Użycie gazu pieprzowego i ograniczona poczytalność - forum prawne
Wczoraj z rana miałem bardzo przykrą sytuację. Rzecz miała miejsce na wsi u znajomego, a było to po sobotniej imprezie urodzinowej. Między mną, a znajomym doszło do lekkiej sprzeczki. Zaczęło się od wymiany słów, po pewnym czasie koledze się pogorszyło i zaczął wymachiwać rękami w moją stronę. Nadmienię, że jest osobą z zaburzeniami ze spektru autyzmu, podejrzewam też zaburzenia osobowości. Takie nerwowe wymachiwanie zdarzało się już nie raz i nie dwa odkąd się znamy. Fakt faktem musiałem zareagować gdy jego ręka przeleciała w okolicy mojej twarzy i będąc nieco silniejszy przyparłem go do balustrady na ganku. W tym momencie wyjął z kieszeni gaz pieprzowy i psiknął mi w okolice prawego oka. Łzawiłem dobre kilka minut, zdecydowałem się na wezwanie służb ratunkowych. Gdy przyjechali za około 40 minut spytali się o szczegóły, przeprowadzili krótką rozmowę ze stronami bo czym odjechali bez podjęcia żadnych kroków. Pouczyli jedynie, że następnym razem będziemy ponosić koszty wezwania służb.

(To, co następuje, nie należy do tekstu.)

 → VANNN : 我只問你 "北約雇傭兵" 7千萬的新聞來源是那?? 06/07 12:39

W związku z powstałą sytuacją mam następujące pytania:
- czy reakcja służb i niepodjęcie żadnych dalszych kroków było prawidłowym działaniem w tej sytuacji?

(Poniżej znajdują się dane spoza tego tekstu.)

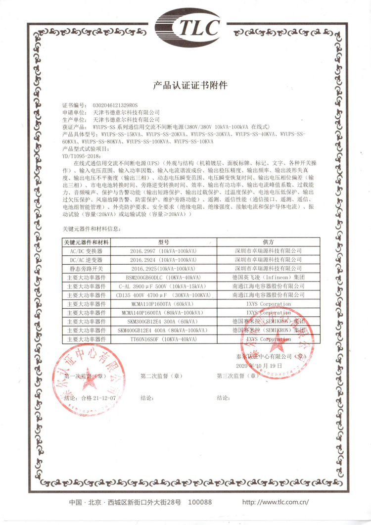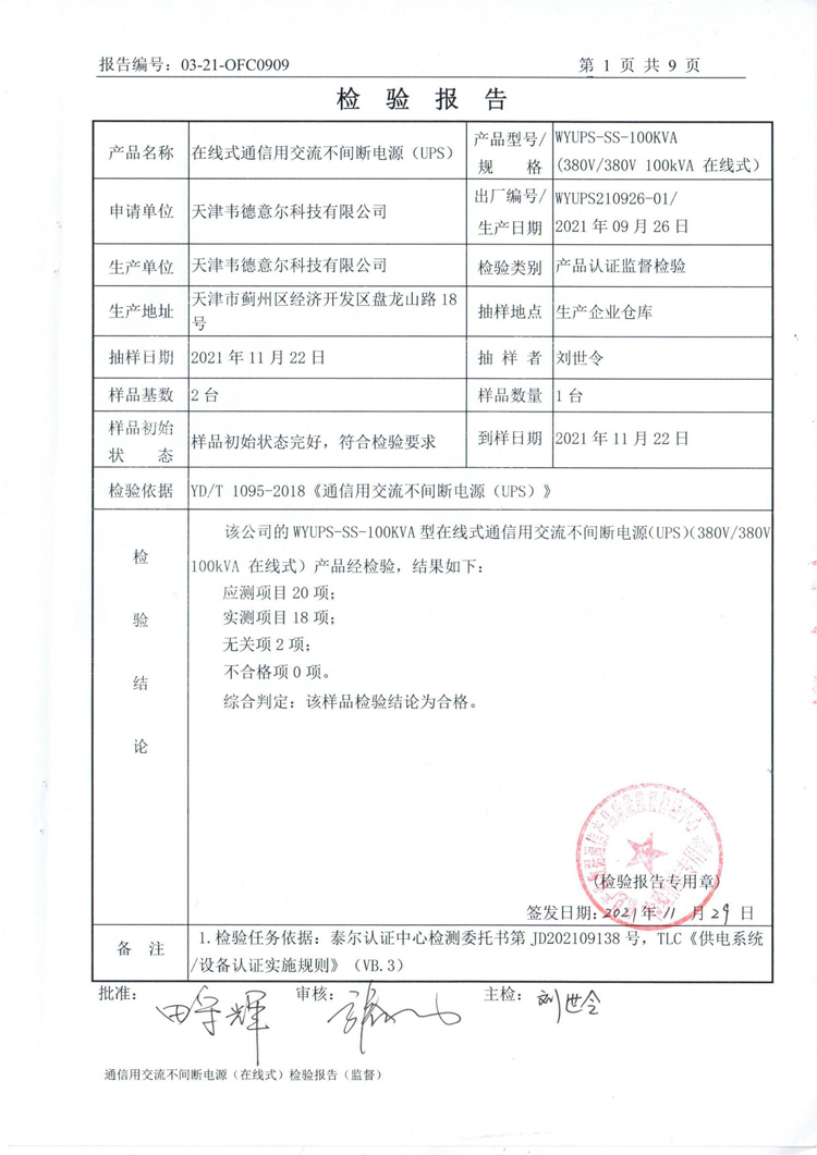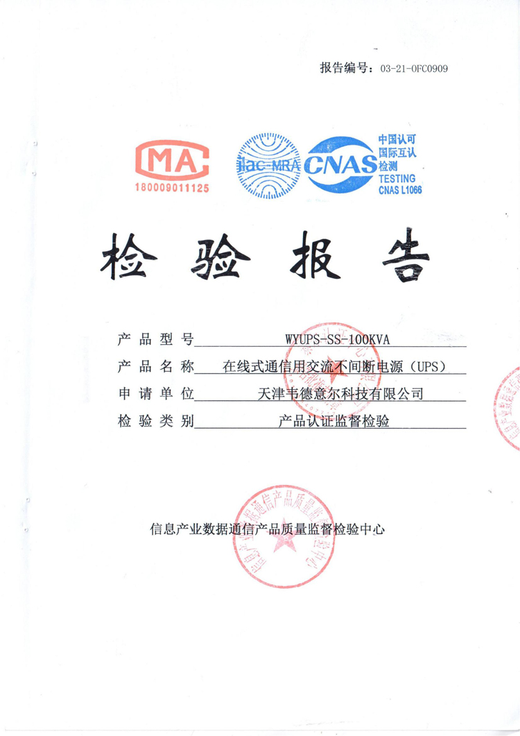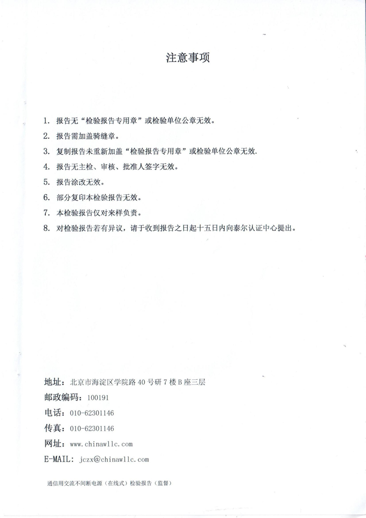 在線式通信用交流不間斷電源(UPS)100kVA泰爾認(rèn)證證書及檢驗報告

- czy mogę domagać się odszkodowania przed sądem z tytuły nieuzasadnionego użycia gazu, jako że w mojej ocenie czuję się poszkodowany gdyż sam broniłem się przed atakiem agresywnych rąk zaburzonego człowieka przypierając gościa do poręczy?
- czy mogę się domagać, aby sąd zabronił posiadania koledze takich środków ze względu na jego ograniczoną możliwość kierowania własnym postępowaniem. Nadmienię, że podczas ataków nerwicy nieraz już groził użyciem gazu i nigdy nie wiadomo do czego to w końcu doprowadzi?
Bardzo proszę o pomoc...
Nadmienię, że sam posiadam orzeczenie o niepełnosprawności i mam ograniczoną szybkość reakcji.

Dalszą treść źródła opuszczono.